On 5/13/09 Wed May 13, 2009 4:48 AM, "Michael Alipio"
<daem0n...@yahoo.com> scribbled:
> I have a c code that looks like this:
>
> #include<stdio.h>
>
> main (){
> char girl[] = "anna";
> char boy[] = "jude";
> stringcopy(boy, girl); /* copy boy to girl */
> printf("%s", girl);
>
> }
>
> void stringcopy(char *b, char *g){
>
> while ((*g++ = *b++) != '\0')
> ;
> }
>
>
> It prints fine...
> However if I replace the stringcopy call arguments with "jude", "anna"

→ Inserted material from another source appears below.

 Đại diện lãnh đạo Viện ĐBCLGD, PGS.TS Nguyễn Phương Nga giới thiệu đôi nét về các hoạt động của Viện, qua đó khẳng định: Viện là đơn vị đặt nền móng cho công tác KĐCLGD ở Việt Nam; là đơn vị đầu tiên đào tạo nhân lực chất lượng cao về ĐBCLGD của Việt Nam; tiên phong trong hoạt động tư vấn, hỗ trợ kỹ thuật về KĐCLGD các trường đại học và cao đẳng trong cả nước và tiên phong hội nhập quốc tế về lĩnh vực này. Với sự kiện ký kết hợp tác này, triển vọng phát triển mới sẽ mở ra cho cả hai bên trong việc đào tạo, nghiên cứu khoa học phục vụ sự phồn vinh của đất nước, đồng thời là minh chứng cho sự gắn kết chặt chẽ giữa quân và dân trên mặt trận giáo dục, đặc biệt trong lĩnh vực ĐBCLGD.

> it compiles fine but i get segmentation fault when running.
>
>
> How come printf can accept variable names as well as constant strings such as:
>
> printf ("%s", girl);
>
> and
>
> printf ("Hello World\n");
Because printf does not attempt to change its arguments.
> My stringcopy function only accepts pointers. Shouldn't I be passing pointer
> to the first element of "anna" when passing the string constant "anna"?? )
stringcopy modifies its second argument. Your compiler is not letting you
modify a string "constant". That way, different parts of your program can
share the same string constant without one part being affected by what
another part does.
> How does printf print a string constant then?
Easily, because it does not attempt to modify it.
May I ask you a question? Why are you posting C questions to a Perl mailing
list?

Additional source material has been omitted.